The U.S. should resist moves to readmit Cuba to the Organization of American States, a leading Senator argues. Such a move would make a nonsense of the OAS members’ conviction, outlined in the Inter-American Democratic Charter, that “the peoples of the Americas have a right to democracy, and their governments have an obligation to promote and defend it.”

There should be no ”Cuba exception” to the hemisphere’s commitment to democracy, writes Senator Mel Martinez. Washington should “encourage the OAS to formulate how it might help Cuba make a transition to democracy and become fully compliant with the Democratic Charter,” he contends. “The Cuban people, not the current government elite in Havana, need to be the guides of this process.”

He cites the recent open letter to the OAS, signed by some 250 Cuban democracy, human rights and civil society activists, which insists that:

Cuba has not been separated from the OAS. It is the tyrannical regime which violates the public liberties of Cubans that has been separated. Nevertheless, what worries us most is not the affront which would be committed against our rights by accepting the dictatorship which oppresses us as an equal in terms of the fundamental values of its democratic neighbors, but rather the damage that would be inflicted on the hemisphere itself.

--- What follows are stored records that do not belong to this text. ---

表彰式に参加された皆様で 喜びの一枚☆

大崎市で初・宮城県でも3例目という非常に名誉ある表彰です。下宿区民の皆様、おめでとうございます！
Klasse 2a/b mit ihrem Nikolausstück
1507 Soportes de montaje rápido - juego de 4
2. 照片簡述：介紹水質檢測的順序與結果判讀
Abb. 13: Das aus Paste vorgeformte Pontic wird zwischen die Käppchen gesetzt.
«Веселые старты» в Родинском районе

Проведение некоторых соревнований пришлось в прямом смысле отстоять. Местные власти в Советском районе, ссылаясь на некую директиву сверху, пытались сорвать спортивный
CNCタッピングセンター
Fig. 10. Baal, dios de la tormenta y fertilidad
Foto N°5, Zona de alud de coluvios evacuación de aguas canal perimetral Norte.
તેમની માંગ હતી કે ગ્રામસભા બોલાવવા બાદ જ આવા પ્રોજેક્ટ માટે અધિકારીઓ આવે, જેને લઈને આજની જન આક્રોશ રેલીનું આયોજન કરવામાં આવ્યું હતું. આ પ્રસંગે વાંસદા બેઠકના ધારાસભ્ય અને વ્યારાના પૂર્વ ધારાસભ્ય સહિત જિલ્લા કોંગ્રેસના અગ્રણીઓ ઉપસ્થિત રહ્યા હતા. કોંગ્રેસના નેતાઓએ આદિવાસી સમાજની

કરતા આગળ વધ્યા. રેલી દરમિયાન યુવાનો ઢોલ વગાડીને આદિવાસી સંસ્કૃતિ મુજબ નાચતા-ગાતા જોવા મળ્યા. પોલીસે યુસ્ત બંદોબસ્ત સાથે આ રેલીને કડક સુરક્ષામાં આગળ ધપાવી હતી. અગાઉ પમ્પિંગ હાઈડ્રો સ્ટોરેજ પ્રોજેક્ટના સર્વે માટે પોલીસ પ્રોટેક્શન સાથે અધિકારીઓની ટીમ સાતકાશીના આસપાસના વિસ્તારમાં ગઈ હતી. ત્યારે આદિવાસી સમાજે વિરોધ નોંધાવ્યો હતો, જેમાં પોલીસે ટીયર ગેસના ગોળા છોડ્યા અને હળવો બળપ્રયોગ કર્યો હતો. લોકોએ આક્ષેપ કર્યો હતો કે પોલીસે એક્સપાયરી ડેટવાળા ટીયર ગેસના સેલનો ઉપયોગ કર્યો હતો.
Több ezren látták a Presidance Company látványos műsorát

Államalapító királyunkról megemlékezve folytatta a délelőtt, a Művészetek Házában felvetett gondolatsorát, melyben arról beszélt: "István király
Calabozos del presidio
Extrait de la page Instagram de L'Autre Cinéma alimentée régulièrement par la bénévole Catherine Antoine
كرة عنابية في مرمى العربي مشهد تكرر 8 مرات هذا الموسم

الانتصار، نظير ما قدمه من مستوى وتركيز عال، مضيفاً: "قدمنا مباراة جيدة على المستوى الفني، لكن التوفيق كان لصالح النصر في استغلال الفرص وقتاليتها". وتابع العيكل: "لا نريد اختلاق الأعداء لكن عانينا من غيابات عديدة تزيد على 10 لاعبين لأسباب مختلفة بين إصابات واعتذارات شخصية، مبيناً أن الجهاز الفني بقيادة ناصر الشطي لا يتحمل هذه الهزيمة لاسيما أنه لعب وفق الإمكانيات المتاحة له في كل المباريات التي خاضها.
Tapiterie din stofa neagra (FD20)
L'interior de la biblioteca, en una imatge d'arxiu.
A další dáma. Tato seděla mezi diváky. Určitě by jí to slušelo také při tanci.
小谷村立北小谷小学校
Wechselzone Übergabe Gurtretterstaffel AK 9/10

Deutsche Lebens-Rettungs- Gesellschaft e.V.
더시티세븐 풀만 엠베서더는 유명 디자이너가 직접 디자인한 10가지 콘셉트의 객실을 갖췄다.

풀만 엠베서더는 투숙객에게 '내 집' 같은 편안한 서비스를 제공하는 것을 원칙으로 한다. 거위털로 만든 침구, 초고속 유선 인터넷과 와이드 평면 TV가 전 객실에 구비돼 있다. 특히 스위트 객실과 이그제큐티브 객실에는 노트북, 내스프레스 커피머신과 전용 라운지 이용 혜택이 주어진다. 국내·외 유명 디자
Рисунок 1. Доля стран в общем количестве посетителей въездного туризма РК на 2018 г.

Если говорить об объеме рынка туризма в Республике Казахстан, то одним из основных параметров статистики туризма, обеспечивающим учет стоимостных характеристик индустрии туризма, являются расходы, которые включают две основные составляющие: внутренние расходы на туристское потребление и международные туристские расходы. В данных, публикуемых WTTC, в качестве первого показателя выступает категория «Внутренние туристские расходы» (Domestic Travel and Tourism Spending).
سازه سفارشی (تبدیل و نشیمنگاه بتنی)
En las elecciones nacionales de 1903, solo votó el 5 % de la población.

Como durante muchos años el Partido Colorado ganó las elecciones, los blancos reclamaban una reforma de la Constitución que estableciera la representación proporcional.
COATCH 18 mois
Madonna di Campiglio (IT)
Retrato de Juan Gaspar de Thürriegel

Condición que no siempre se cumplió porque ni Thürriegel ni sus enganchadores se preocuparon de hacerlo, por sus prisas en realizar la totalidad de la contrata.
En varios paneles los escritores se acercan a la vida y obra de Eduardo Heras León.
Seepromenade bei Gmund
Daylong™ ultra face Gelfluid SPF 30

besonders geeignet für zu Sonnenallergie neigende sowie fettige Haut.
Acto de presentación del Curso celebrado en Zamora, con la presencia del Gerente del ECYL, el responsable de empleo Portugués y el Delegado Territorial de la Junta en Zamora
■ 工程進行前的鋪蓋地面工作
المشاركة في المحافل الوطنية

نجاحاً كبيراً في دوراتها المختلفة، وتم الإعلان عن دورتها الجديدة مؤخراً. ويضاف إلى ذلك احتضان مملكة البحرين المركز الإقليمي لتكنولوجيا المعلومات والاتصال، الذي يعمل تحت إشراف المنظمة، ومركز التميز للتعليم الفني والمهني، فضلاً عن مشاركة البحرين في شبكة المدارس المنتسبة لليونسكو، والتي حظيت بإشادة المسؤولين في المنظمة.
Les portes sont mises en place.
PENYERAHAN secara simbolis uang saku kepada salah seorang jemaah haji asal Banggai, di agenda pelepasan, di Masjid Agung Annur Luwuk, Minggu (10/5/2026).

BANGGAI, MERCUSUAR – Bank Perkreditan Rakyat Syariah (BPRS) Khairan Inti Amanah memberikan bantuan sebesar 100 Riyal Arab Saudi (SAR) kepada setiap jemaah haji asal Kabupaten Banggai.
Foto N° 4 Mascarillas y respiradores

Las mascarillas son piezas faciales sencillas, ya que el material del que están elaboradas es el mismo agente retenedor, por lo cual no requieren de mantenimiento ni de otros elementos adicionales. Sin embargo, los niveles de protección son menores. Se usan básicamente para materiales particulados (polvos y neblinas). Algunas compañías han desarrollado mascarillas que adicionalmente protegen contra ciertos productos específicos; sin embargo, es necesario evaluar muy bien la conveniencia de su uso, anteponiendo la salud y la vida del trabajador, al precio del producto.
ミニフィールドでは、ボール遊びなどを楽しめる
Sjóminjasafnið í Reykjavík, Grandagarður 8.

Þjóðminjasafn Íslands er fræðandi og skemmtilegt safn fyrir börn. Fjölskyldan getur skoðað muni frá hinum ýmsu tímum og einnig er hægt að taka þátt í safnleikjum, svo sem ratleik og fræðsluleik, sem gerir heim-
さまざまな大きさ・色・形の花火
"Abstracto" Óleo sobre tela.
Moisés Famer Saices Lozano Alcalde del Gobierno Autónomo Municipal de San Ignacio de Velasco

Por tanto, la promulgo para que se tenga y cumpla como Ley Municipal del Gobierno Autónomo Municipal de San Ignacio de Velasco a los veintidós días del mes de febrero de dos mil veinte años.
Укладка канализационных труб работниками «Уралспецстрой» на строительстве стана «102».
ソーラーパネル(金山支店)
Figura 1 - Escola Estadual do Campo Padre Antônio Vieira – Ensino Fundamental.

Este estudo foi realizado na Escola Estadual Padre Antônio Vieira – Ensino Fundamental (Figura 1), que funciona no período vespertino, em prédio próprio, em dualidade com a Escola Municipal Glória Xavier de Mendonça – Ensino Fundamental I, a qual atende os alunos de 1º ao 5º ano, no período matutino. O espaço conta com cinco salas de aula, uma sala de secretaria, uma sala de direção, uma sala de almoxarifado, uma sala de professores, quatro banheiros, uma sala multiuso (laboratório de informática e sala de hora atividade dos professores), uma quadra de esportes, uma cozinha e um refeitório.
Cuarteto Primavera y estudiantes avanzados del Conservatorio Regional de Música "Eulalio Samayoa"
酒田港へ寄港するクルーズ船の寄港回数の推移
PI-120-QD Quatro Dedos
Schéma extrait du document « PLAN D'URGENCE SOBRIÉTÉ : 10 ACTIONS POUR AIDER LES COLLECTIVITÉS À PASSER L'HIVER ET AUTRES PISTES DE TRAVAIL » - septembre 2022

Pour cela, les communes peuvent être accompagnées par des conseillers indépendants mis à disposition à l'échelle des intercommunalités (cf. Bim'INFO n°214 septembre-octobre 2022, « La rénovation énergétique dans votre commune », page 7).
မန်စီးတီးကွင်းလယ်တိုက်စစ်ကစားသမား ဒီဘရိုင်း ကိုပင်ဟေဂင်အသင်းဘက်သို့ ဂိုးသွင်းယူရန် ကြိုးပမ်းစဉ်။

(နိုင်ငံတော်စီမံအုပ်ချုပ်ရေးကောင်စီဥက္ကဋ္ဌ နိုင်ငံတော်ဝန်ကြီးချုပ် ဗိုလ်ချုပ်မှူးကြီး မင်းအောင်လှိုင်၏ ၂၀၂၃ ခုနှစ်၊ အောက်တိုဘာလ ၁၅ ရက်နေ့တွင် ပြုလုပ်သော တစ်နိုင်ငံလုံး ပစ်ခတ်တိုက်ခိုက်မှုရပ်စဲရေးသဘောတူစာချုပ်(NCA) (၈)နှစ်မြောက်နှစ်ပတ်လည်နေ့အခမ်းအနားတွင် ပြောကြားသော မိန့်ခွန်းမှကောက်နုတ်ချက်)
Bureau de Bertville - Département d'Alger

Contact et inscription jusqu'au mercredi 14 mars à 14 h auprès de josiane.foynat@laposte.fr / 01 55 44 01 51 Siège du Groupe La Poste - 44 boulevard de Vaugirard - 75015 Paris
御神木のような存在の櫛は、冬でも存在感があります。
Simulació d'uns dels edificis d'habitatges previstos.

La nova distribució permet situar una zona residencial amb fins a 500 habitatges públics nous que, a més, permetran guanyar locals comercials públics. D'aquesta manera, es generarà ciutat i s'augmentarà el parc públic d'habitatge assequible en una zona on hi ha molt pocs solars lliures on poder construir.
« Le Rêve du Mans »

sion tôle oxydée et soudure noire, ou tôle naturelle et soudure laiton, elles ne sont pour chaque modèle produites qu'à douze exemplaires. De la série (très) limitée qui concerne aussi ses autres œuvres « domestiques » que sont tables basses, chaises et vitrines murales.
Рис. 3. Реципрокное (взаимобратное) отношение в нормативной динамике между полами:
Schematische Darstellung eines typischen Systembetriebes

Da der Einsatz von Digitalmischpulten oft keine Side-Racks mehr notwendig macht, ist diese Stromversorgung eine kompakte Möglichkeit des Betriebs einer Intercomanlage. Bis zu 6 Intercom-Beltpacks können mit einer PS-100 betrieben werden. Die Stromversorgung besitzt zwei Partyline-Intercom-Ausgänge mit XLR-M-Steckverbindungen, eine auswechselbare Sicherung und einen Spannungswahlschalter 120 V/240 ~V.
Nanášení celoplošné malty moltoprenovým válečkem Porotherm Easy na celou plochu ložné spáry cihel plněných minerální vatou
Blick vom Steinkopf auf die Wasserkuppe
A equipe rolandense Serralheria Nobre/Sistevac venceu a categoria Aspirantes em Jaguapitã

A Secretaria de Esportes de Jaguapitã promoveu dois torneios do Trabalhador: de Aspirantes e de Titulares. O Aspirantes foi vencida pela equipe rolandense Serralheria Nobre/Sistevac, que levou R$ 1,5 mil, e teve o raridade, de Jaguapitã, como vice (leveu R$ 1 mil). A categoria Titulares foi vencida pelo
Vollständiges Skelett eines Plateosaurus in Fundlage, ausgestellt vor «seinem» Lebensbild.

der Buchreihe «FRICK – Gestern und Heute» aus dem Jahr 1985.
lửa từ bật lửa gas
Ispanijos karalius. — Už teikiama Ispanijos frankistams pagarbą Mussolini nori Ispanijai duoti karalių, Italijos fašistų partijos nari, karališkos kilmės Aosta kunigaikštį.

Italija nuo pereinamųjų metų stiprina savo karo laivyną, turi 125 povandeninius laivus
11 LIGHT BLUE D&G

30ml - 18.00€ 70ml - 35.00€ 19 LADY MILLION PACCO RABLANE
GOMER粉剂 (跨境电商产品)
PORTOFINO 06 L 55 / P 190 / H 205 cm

There is significant bipartisan opposition to Cuba’s re-admission to the OAS.  Such a concession would put at risk the regional consensus that has consolidated the hemisphere’s relatively recent democratization, according to the Brookings Institution’s Ted Piccone, co-editor of the newly released book, The Obama Administration and the Americas: Agenda for Change:

The governments of the region, as they emerged from years of military dictatorship in the 1980s, agreed to lock arms and resist any attempt to overthrow civilian constitutional rule. This joint approach has served the region well when such countries as Peru, Paraguay, Guatemala and Haiti faced political turmoil. The commitment to core democratic standards, expressed through the Inter-American Democratic Charter, is central to the region’s identity and compares well to the European model of integration based on common democratic values and forms of government.